The production of oospores is dependent on several factors including temperature,
hydrogen ion concentration and osmotic potential. Our results here indicate
that the most favorable temperatures for oospore production were 25-30°C
by the tested fungi. It could be postulated that the very cold winter and very
hot summer retard oospore production of such fungi (Abdelzaher
et al., 1994). Oospore produced most abundantly around neutral. Previous
studies revealed that Pythium sp. non-tolerant to acid soils (Webster,
1980; Abdelzaher et al., 1994). In this study,
no oospores have been produced below pH 5 for the two studied isolates of P.
ultimum var. ultimum. Pythium species have been absent from
heavily polluted places and seldom found in partially polluted locations (Harvey,
1952; Abdelzaher et al., 1994). It would
be suggested that, high polluted locations with osmotic potentials above -1.65
MPa represent inhibitive media toward oospore production. Oospores germination
of these two pythia occurred over a broad pH range with an optimum around 7.
Acidic soil appeared unsuitable for oospore germination. Heavy polluted places
retard oospore germination, therefore, it could be expected that high polluted
localities with osmotic potentials above -1.65 MPa inhibit oospore germination.

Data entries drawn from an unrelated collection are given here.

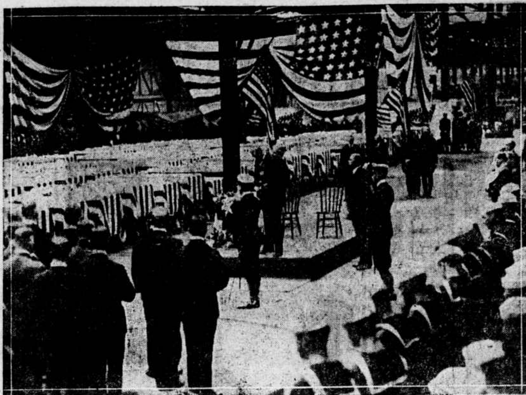
TRIBUTE TO NAVY'S HERO DEAD

The bodies of 138 American sailors and marines, which were interred in the Kerfentras military cemetery at Brest, France, reached New York May 18th, and the following day impressive funeral ceremonies were held at the Brooklyn Naval Base. Secretary Daniels paid a glowing tribute to the heroes who gave their lives for their country, and 200 sailors from the battleship Tennessee formed a guard of honor. The bodies will be sent to their homes in various parts of the country.
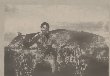
You'll see Steve Irwin, The Crocodile Hunter.

choices. From a company you can trust... Mediacom!
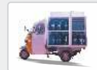
Mineral Water Van
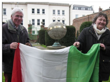
MEMORIAL GLOBE UNVEILED, THE ITALIAN GARDEN, FEBRUARY 2015

Details of tickets for the November talk and how to purchase the cookery book will also be available on the website.
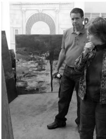
The Choir (32" X62") Peter J. O'Halloran's grouping of 8 paintings.

In the gallery you will see only original paintings and sculpture—no reproductions. These art works are the unique pieces that over the past months (and sometimes years) the artists have lovingly and carefully created. Their hands wielded the brushes that carried the paint onto the canvases that they prepared. When you visit the gallery you are seeing exactly what the artist created without the filter of printing or electronics.
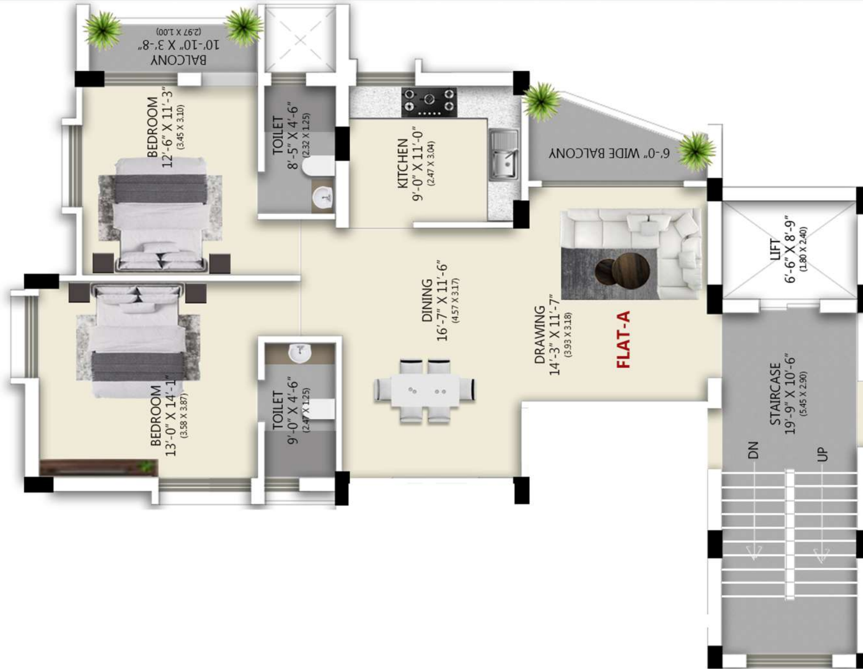
FLOOR PLAN (4A)
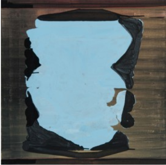
Gary Stephan, Untitled , 2013. Acrylic on canvas, 30 x 30 inches.

the shifting spatial relationships, the translucent paint handling, and the lush greens and deep blues satisfy.
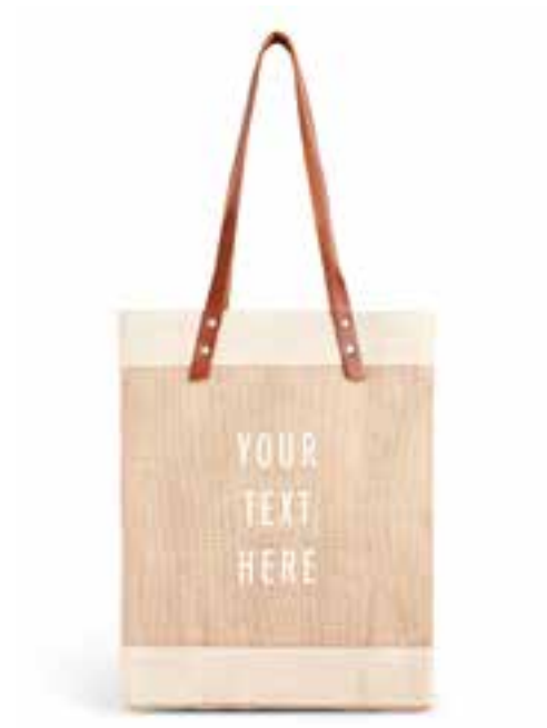
BDML034NAOS STANDARD MARKET TOTE NATURAL
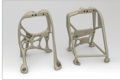
Optimized and 3D printed metal aerospace bracket
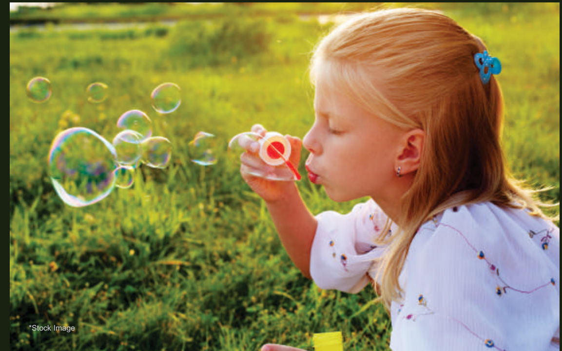
Beautifully landscaped gardens & children's play area

Although most residential projects have little or no space for kids, Park Reach boasts of a beautiful garden and a play area for kids. Dotted with various play equipment, these areas have an exciting blend of greens, browns and all the joyful shades of Nature.
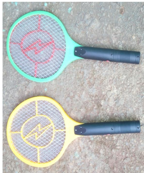
Fig.2: Electronic rackets used during the mosquito collection on the field.

Four bedrooms were chosen or selected for adult mosquito collection in the morning in July 2019 during the rainy season in Dogbo district. Mosquitoes resting in the houses were collected by electronic racket (Fig.2) from 6 a.m. to 7 a.m. The survey was done for fourteen consecutive nights (two weeks). All collected mosquitoes were put in netted plastic cups and transferred to the Laboratory of Applied Entomology and Vector Control (LAEVC) of the Department of Sciences and Agricultural Techniques located in Dogbo district for identification.
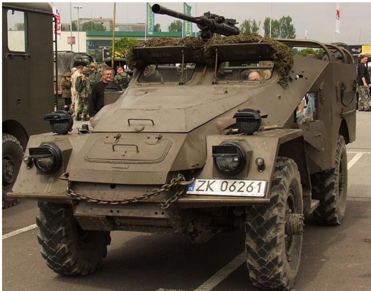
Figure 2. BTR-40
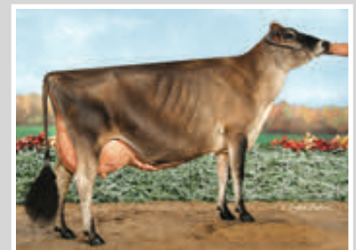
RATLIFF IMPRESSION DONNER-ET Sister to the Grandam of Lot 40
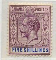
1935 George V 205 sheets printed
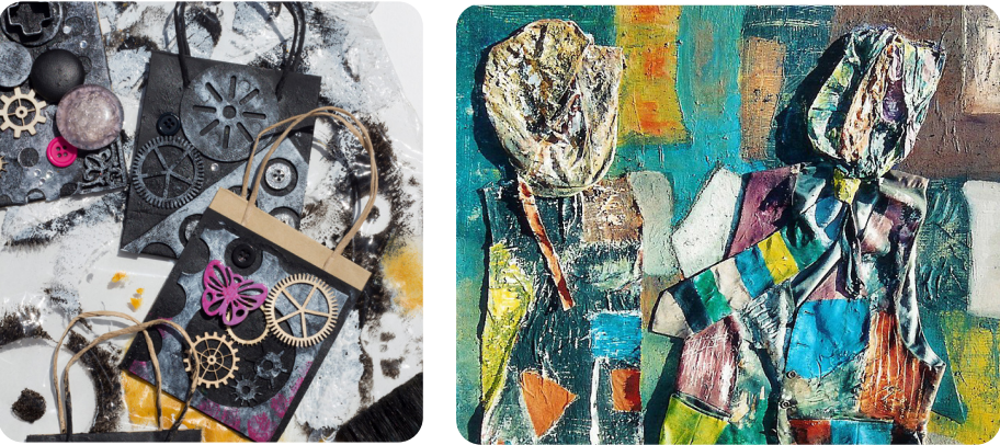
mixed media collages

The term ‘mixed media’ describes artwork that uses more than one medium, such as paper, fabric, photographs and 3-D objects, like buttons. Collage is a type of mixed media art.

Our results are comparable with the results of many previous researches (Abdelzaher
et al., 1994; Cliquet and Tirilly, 2002;
Ge and Ichitani, 1992).
However, the Egyptian isolate produced more oospores than the German isolate, similarities of oospore behavior (production and germination) of the two tested isolates under the studied factors were confirmed.
Finally, it is worth to mention that identification of Pythium sp. to the species level can be done using sequencing of r-DNA-ITS including the 5.8S rDNA, however, some morphological and physiological differences might present within the same species. This might be attributed to the effect of environmental factors and cultural conditions.